United Technologies Corp. offered yesterday to negotiate a merger with Bendix Corp. as a way of ending the tangled, three-cornered takeover war among United, Bendix and Martin Marietta Corp.

The surprising offer by United Technologies Chairman Harry Gray would amount to a negotiated surrender for Bendix instead of the unconditional surrender demanded earlier by United and its ally, Martin Marietta, the Bethesda-based aerospace firm.

United would pay $85 a share for a majority of Bendix's stock, raising the ante in the complex struggle, and would take control of the Michigan-based company, with the terms to be negotiated.

Bendix officials had no comment, but there was no indication it was willing to give up its attempt to take over Martin Marietta and resist the counter moves by its two opponents. However, there will be growing pressure on the companies to sidestep a confrontation before they begin buying each other's stock at a cost of billions of dollars in cash and additional debt--a move that could seriously weaken both losers and winners, according to sources close to the companies.

If Bendix declines yesterday's offer, United Technologies will press ahead with its attempt to take over Bendix through a $75-a-share tender offer to Bendix stockholders.
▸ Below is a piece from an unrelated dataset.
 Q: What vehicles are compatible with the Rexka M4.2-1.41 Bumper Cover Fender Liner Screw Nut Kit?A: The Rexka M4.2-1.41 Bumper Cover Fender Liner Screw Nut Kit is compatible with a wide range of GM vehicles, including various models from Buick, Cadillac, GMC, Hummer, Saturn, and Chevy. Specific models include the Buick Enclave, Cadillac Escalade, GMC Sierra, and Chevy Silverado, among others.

Martin Marietta, which responded to Bendix's original takeover attempt by making its own offer for Bendix, said yesterday that Bendix stockholders who have pledged their stock to Martin for $75 a share should not reclaim their stock. If Bendix merges with United Technologies, Martin said, "arrangements will be made" for Bendix shareholders who pledged stock to Martin to get the $85 price offered yesterday by United.
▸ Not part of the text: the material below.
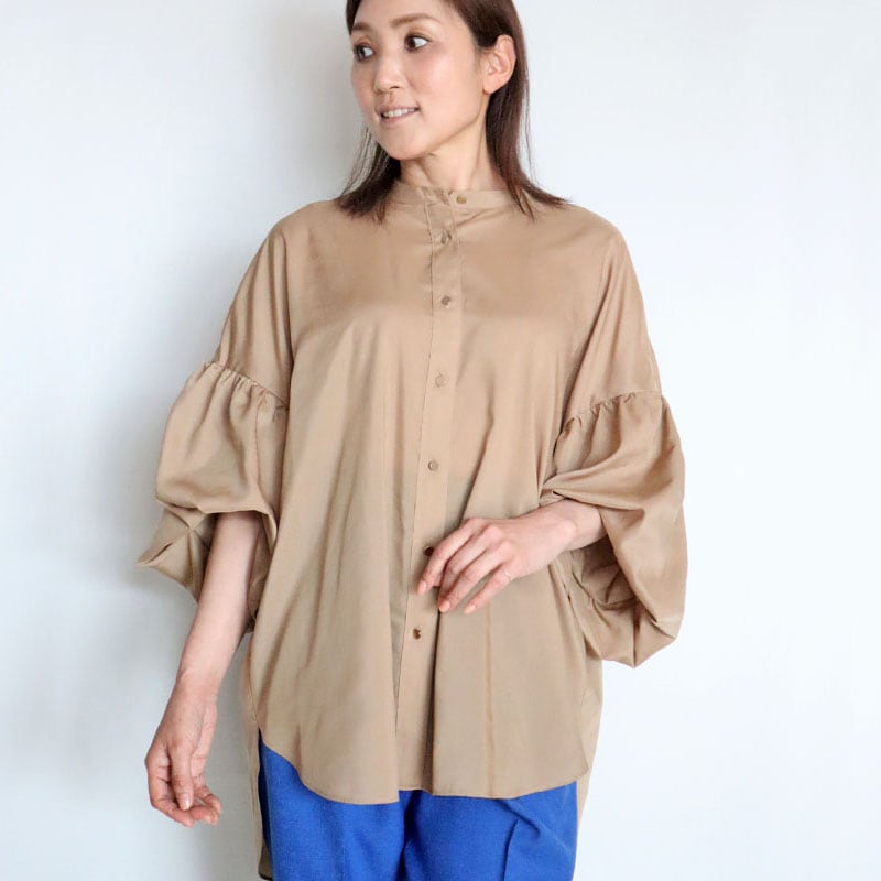 バックリボンシアーAラインブラウス/BLUE FRONCE 8583

Martin has received pledges for about 63 percent of Bendix stock, but it apparently cannot count on obtaining an actual majority when its tender offer expires Sept. 22. The shares offered so far include the biggest single block of Bendix stock, 23 percent of all the shares, which was tendered by Citibank, trustee of the Bendix employes stock option plan, but Citibank said yesterday it would withdraw those shares before the deadline in response to instructions from Bendix management.

After yesterday's skirmishes in a conflict that has stunned and fascinated the financial world, the position of the combatants was this:

Bendix's offer to purchase Martin Marietta for $48 a share remained in effect. About 58 percent of Martin's shares have been tendered to Bendix in response to the offer, and Bendix can begin buying them Friday morning.
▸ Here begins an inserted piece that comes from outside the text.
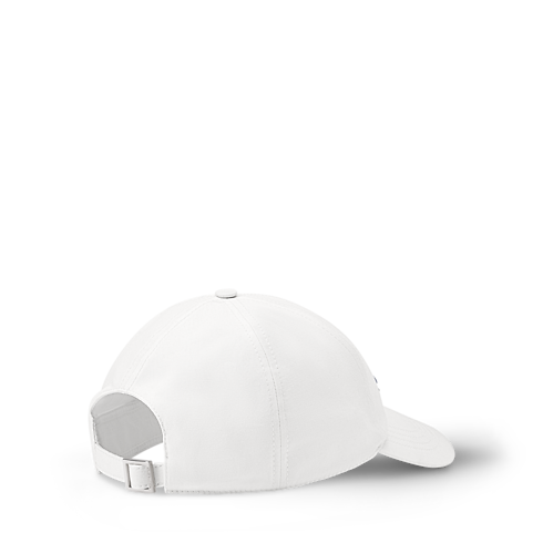 The bright white Golf Cap freshens up a day on the green. The signature, 'Louis Vuitton Since 1854,' is embroidered in an elegant script alongside triangle golf flags on the front panel in an intense blue. The back strap is equipped with a square buckle engraved with LOUIS VUITTON for customisable comfort and elegance.

Martin Marietta stock closed at $35.50 per share in yesterday's New York Stock Exchange trading, unchanged from Tuesday.

Martin Marietta's counterattack against Bendix, an offer to buy 11.9 million Bendix shares for $75 a share, also remained in place.

Martin can begin buying stock under that offer on Sept. 23, and could succeed in taking over Bendix before being taken over itself because of differences in the laws of the states where the two are incorporated.

Without the shares controlled by Citibank, however, Martin would not have a majority of Bendix.

Martin sued Citibank and Bendix in federal court in New York yesterday seeking to prevent Citibank from withdrawing the shares. Bendix stock closed at $59.50 yesterday, up $2.25.

United Technologies left its own $75-a-share offer for Bendix on the books, and increased the pressure on the Bendix management with its merger proposal.

That proposal was made with Martin Marietta's knowledge and approval, according to sources close to the company, and the agreement between United and Martin to carve up Bendix between them if either succeeds in its tender offer remains in effect, they said.

Under that agreement, if Bendix succeeds in taking over Martin, United will attempt to take over Bendix, and will then restore Martin's independence and sell it $600 million of Bendix assets.

Meanwhile yesterday, attorneys for Martin Marietta argued in federal court in Baltimore that Bendix's original tender offer violated federal securities laws because, they said, Bendix did not disclose its plans to divest itself of some Martin operations.

Marc Chernow, an attorney for Bendix, said Bendix never had any such plans.

In sworn depositions, he said, Bendix Chairman William Agee "testified unequivocally that there is no intention, plan, proposal or whatever you want to call it" to divest any Martin Marietta divisions. Judge Joseph Young said he would rule today on Martin's request that the Bendix offer be invalidated.

United Technologies' offer to work out a merger with Bendix was made in a letter to Agee from United Chairman Gray.

"We believe," Gray said, "that the present competing tender offers by Bendix and Martin Marietta create an intolerable situation for both companies, their shareholders and employes. Our offer is an alternative that will resolve the situation."

United, based in Hartford, Conn., builds a range of high-technology and construction products, including helicopters and jet engines.

Bendix is also a diversified manufacturer of auto parts, robots and other products.

Under yesterday's offer, United Technologies would buy 11.9 million shares of Bendix for $85 a share cash -- or $1.01 billion -- and acquire the rest by exchanging one share of United stock for each share of Bendix stock. United stock closed at $49.25 yesterday.

Gray said the offer "would allow Martin Marietta to remain an independent company.

"With the cooperation of all three companies, there would be no antitrust issues, and the merger of Bendix and United Technologies would be completed in a short period of time," he said.

The Justice Department has already given antitrust clearance to a Bendix takeover of Martin, but it is still reviewing the implications of a merger of Bendix and United, which compete in some areas.